> [WHAT YOU SHOULD DO] Write out exactly the lines below from the one containing "Going into the" to the last, both ends kept, and nothing more; skip all pictures.

EXERCISE DATA Start Marker

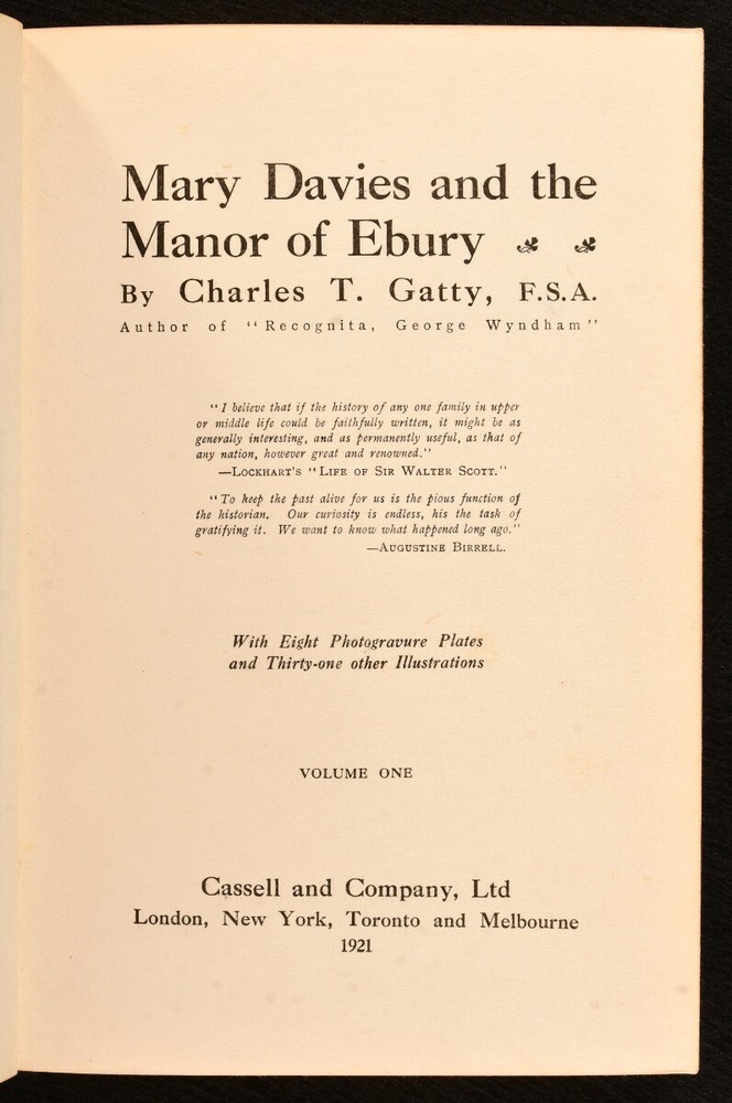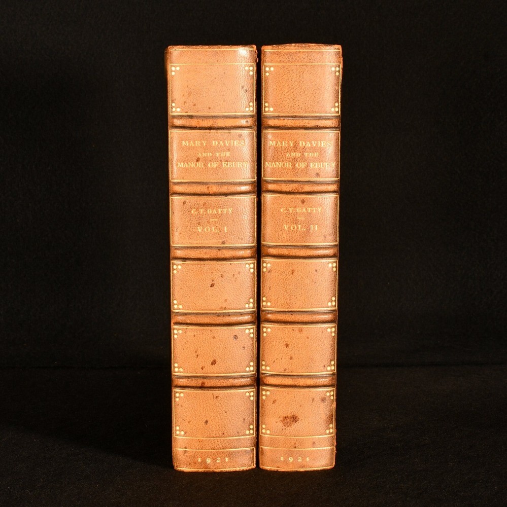 Click here to see our other books! Mary Davies and the Manor of Ebury Charles T. Gatty 1921 Cassell & Company, Limited : London 9" by 6" ix, 294; viii, 285pp. SUMMARY A smartly bound first edition of this illustrated account of the life of Mary Davies. First Edition,Illustrated,Leather Binding,Original Binding,Publishers' Original Binding Overall Condition: Very Good This book weighs 2 KG when packed UK Postage: £ 3.99 US Postage: £ 29.99 EU Postage : £ 21.99 European Postage: £ 23.99 Asia Postage: £ 37.99 Worldwide Postage: £ 38.99 DESCRIPTION Complete in two volumes. First edition. Volume one is illustrated with a frontispiece and eighteen plates, with the odd in-text images. Volume two is illustrated with a frontispiece, twelve plates, eight black-and-white photographic plates, and one folding map to the rear. Collated complete. Born in January 1665 to the scrivener Alexander Davies, who died in the Great Plague, Mary inherited a plot of land while still a baby. This was the Manor of Ebury, 300 acres of farmland to the west of London that stretched from the Thames to what is now Oxford Street. Deemed desirable for her vast wealth, the scandal of her marriages defined not only the tragic fate of the estate, but Mary too. Written by Charles Tindal Gatty, a British antiquary, musician, author, and lecturer. Bound by Hatchards. CONDITION Bound in full blue crushed morocco. Externally, smart with rubbing to the extremities. Fading to the spine and board edges. Internally, firmly bound. Front hinge starting but firm to volume one. Pages are very bright and clean with the odd spot. Light spotting and age toning to the endpapers. Contemporary ink inscription to the front endpaper of volume one. Bound by Hatchards. Overall Condition: Very Good GLOSSARY OF TERMS Overall Condition (Dustwrapper condition rating is shown after that for the book itself, where a dustwrapper is present) Fine - Very well preserved copy showing very little wear Very Good Indeed - Only one or two minor faults, really a very attractive copy Very Good - Quite a wide term meaning no major faults but probably several smaller ones often expected given the age of the book, but still a respectable copy Good - Meaning not very good. Some more serious faults as will be described in the condition report under 'condition' Good Only - Meaning one or more faults that could really do with repair Fair - As with good only above but with other faults leaving a compromised copy even after repair Poor - Really bad and possibly seriously incomplete. We only sell books in this condition where their rarity or value makes them attractive none the less. Major defects will be described. GUARANTEE We offer a full money back guarantee on our descriptions. Please ask for details and conditions. We prefer PAYPAL. If you pay via PAYPAL we will post the item off the same or the next working day with the postage you have selected. Please note we cannot accept USD cheques
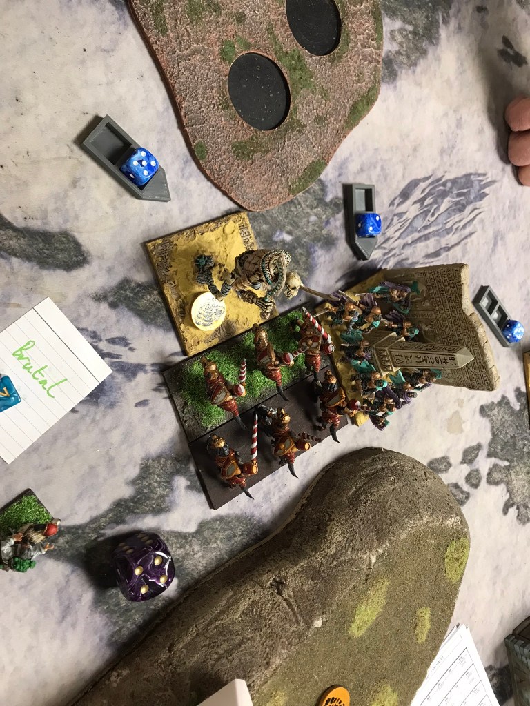 Going into the event I’d accepted a challenge from Heath, who was bringing Empire of Dust, and I had a lot of feelings about the game. As someone who’s great at picking armies that don’t really pack much of a punch Empire of Dust is always a bit of a tough match up. However, my list for this event includes a Jugger horde with the Brew of Strength, which I was hoping would make life a little easier in this match up.
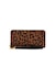コーティングキャンバスにレオパードプリントを施したジップクラッチです。ファスナーポケット1つ、紙幣用コンパートメント2つ、マチ付きポケット3つ、RFIDライニング、取り外し可能なリストレットストラップ1本を備えています。
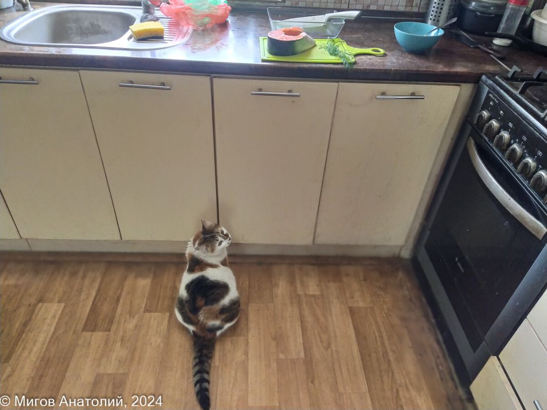Как только рыба оказывается на столе, в дом начинают подтягиваться домашние питомцы. Первая на запах пришла кошка Мамаша Че, за ней потянулась её дочка Кокошка и верный друг – собака Тильда. Процесс разделки требует острого ножа и надёжной ёмкости. Хребет и кости удаляются, а куски кижуча готовятся к засолке.
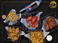 6 Alitas en 2 salsas de tu elección, 280 g de costillas, 4 deditos de queso, papas en casco, dip de queso y 1 gaseosa de 400 ml gratis.

EXERCISE DATA End Marker

> [ANSWER]
 Going into the event I’d accepted a challenge from Heath, who was bringing Empire of Dust, and I had a lot of feelings about the game. As someone who’s great at picking armies that don’t really pack much of a punch Empire of Dust is always a bit of a tough match up. However, my list for this event includes a Jugger horde with the Brew of Strength, which I was hoping would make life a little easier in this match up.
コーティングキャンバスにレオパードプリントを施したジップクラッチです。ファスナーポケット1つ、紙幣用コンパートメント2つ、マチ付きポケット3つ、RFIDライニング、取り外し可能なリストレットストラップ1本を備えています。
Как только рыба оказывается на столе, в дом начинают подтягиваться домашние питомцы. Первая на запах пришла кошка Мамаша Че, за ней потянулась её дочка Кокошка и верный друг – собака Тильда. Процесс разделки требует острого ножа и надёжной ёмкости. Хребет и кости удаляются, а куски кижуча готовятся к засолке.
 6 Alitas en 2 salsas de tu elección, 280 g de costillas, 4 deditos de queso, papas en casco, dip de queso y 1 gaseosa de 400 ml gratis.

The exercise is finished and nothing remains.